Showing 2 changed files with 206 additions and 28 deletions.
diff --git a/src/sasctl/pzmm/write_json_files.py b/src/sasctl/pzmm/write_json_files.py
@@ -2374,7 +2374,7 @@ def generate_outcome_average(
     ):
         """
         Generates the outcome average of the training data. For Interval targets, the event average
-        is generated. For Classification targets, the event average is returned.

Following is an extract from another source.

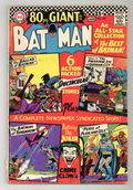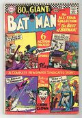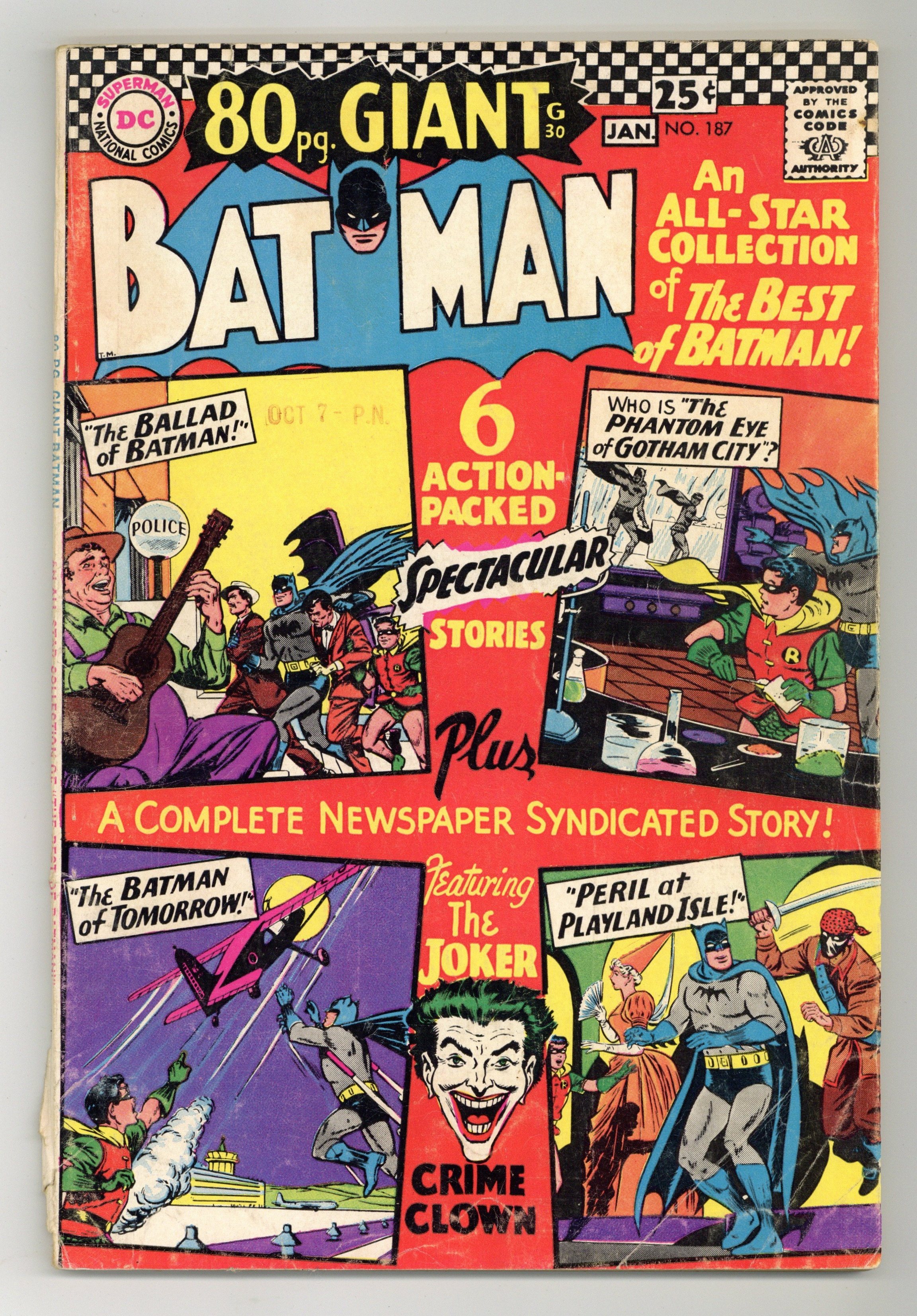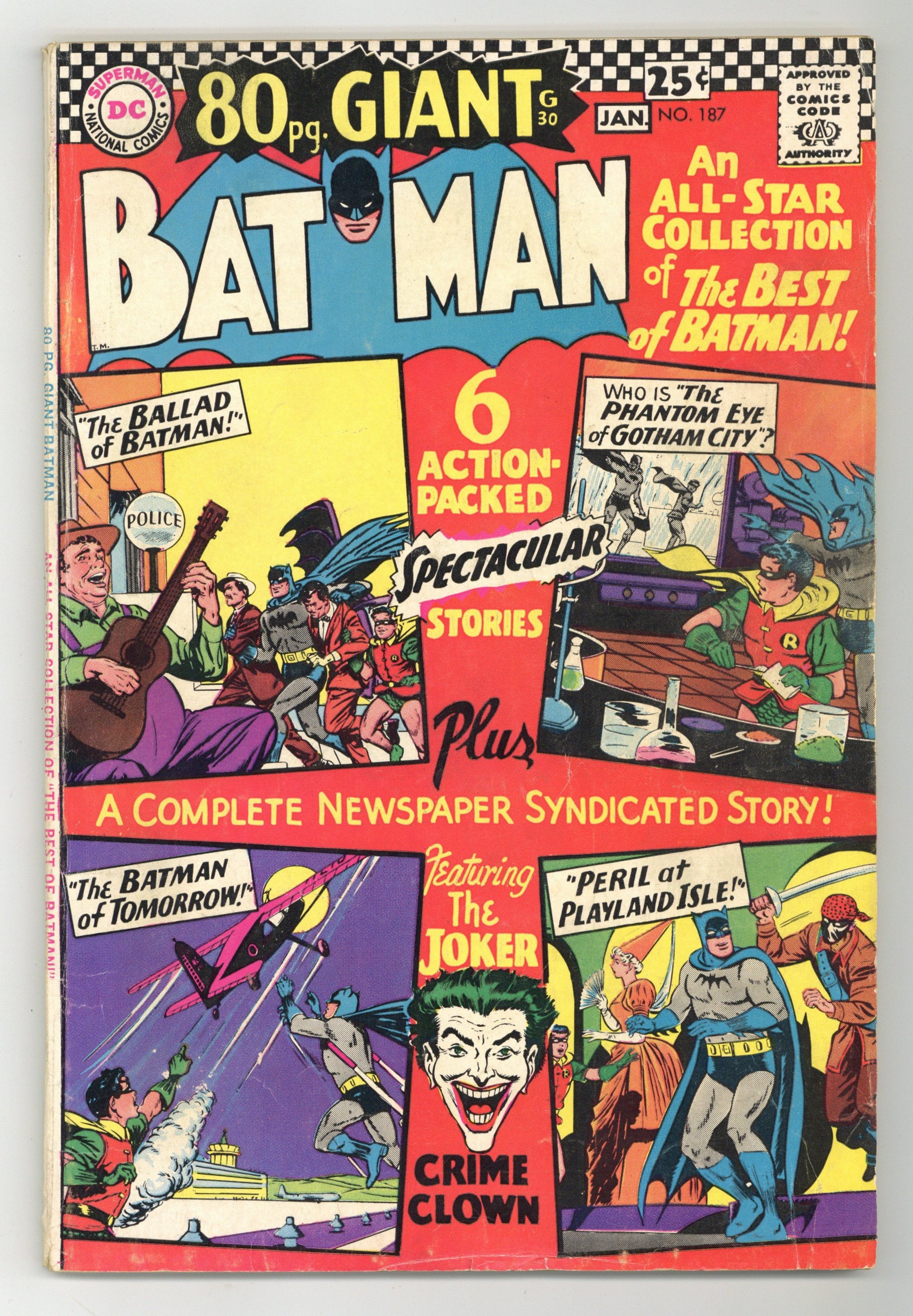 Reprints, 80-page giant. Cover pencils by Win Mortimer and Curt Swan, inks by Win Mortimer and Stan Kaye. "Batman's First Case" (from Detective # 265), script by Bill Finger, pencils by Sheldon Moldoff, inks by Charles Paris; The sudden appearance of a new criminal basing his crime on time jogs Batman's memory into remembering that this criminal was his very first case after his parents were killed, and if the Clock has his way, the current case against him will be the Caped Crusader's last! "Phantom Eye of Gotham City" (from Detective 192), pencils by Bob Kane, inks by Charles Paris; As vicious criminal creates a means to televise crimes as they happen and making the Dynamic Duo look like they are inept. "The Last Days of Batman" (from Batman 125), script by Bill Finger, pencils by Sheldon Moldoff, inks by Charles Paris; Carter Nichols sends the Dynamic Duo back to ancient Venice to gather evidence in a case, but only Batman returns, while Robin is shifted to Gotham City a few days into the future, where he discovers a new criminal will kill Batman. "Peril at Playland Isle" (from Detective 264), script by Bill Finger, pencils by Dick Sprang, inks by Charles Paris; When the wealthy builder of a new amusement park is killed, Batman and Robin nearly lose their lives tracking down the real killer. "The Batman of Tomorrow" (from Detective 216), script by Edmond Hamilton, pencils by Dick Sprang, inks by Charles Paris; When Bruce Wayne injures his arm, to keep Vicki from discovering that Batman has the same problem, the Caped Crusader seeks out the Batman of the Future to step in for him...almost with disastrous results! "The Ballad of Batman!" (from Batman 95), script by Edmond Hamilton, pencils by Dick Sprang, inks by Charles Paris; A balladeer comes to Gotham City to sing the praises of Batman in verse, but it backfires when his songs tip off crooks wanting to commit crimes. Cap's Hobby Hints activity half-page by Henry Boltinoff. A complete Batman newspaper syndicated story reprint featuring the Joker (7 pages) from Oct.-Dec. 1946. 84 Pages, Full Color. Cover price $0.25.

+        is generated. For Classification targets, the event percentage is returned.
 
         Parameters
         ----------
@@ -2395,17 +2395,23 @@ def generate_outcome_average(
         dict
         Returns a dictionary with a key value pair that represents the outcome average.
         """
+        import numbers
         output_var = train_data.drop(input_variables, axis=1)

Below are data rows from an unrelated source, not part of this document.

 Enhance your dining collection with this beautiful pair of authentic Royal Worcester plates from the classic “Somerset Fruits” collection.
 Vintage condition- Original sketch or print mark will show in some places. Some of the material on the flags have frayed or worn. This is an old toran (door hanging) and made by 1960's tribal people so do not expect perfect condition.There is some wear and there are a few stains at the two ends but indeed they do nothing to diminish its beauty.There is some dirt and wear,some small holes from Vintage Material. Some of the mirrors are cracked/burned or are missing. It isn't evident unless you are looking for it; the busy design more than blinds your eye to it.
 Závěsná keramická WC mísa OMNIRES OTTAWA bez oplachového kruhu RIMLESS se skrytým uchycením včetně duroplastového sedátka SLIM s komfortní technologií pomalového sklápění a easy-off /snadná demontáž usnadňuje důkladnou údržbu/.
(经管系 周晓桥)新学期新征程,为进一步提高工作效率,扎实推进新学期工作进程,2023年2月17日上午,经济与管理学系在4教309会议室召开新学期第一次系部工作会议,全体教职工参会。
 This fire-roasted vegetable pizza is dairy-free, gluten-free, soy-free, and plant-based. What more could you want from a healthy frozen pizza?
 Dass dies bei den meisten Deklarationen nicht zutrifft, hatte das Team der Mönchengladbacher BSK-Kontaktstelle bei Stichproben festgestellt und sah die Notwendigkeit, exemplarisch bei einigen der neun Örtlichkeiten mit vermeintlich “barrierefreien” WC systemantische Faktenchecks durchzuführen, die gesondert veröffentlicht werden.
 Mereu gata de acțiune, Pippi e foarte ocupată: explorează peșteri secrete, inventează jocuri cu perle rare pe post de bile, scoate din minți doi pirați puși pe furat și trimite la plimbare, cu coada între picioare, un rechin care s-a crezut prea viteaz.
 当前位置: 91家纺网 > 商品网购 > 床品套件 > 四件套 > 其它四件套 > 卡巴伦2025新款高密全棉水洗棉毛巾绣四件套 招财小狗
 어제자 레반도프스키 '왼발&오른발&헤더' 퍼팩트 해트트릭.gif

         if target_type == "classification":
             value_counts = output_var[output_var.columns[0]].value_counts()

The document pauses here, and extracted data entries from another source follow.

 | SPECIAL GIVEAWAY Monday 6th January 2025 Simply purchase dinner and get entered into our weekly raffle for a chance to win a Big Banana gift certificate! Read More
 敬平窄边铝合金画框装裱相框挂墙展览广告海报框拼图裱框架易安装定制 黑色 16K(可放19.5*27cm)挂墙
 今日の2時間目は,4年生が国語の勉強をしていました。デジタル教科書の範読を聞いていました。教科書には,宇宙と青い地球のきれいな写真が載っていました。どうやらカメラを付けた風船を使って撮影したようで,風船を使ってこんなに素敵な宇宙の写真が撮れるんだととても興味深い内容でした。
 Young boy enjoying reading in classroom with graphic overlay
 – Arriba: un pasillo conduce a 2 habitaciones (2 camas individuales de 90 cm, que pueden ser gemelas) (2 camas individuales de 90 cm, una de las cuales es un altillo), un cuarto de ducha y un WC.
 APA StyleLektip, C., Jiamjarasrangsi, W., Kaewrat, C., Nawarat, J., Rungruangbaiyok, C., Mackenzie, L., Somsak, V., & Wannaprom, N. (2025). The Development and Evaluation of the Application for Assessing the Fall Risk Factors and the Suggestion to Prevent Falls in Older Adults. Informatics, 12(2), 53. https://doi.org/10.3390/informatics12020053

             return {'eventPercentage': value_counts[target_value]/sum(value_counts)}
         elif target_type == "interval":
-            return {'eventAverage': sum(value_counts[value_counts.columns[0]]) / len(value_counts)}
+            if not isinstance(output_var[output_var.columns[0]].iloc[0], numbers.Number):
+                raise ValueError("Detected output column is not numeric. Please ensure that " +
+                                 "the correct output column is being passed, and that no extra columns " +
+                                 "are in front of the output column. This function assumes that the first " +
+                                 "non-input column is the output column.jf")
+            return {'eventAverage': sum(output_var[output_var.columns[0]]) / len(output_var)}
 
     @staticmethod
     def get_selection_statistic_value(
-        model_files,
-        selection_statistic
+        model_files: Union[str, Path, dict],
+        selection_statistic: str = "_GINI_"
     ):
         """
         Finds the value of the chosen selection statistic in dmcas_fitstat.json, which should have been
@@ -2493,10 +2499,11 @@ def update_model_properties(
                 )
             with open(Path(model_files) / PROP, 'r+') as properties_json:
                 model_properties = json.load(properties_json)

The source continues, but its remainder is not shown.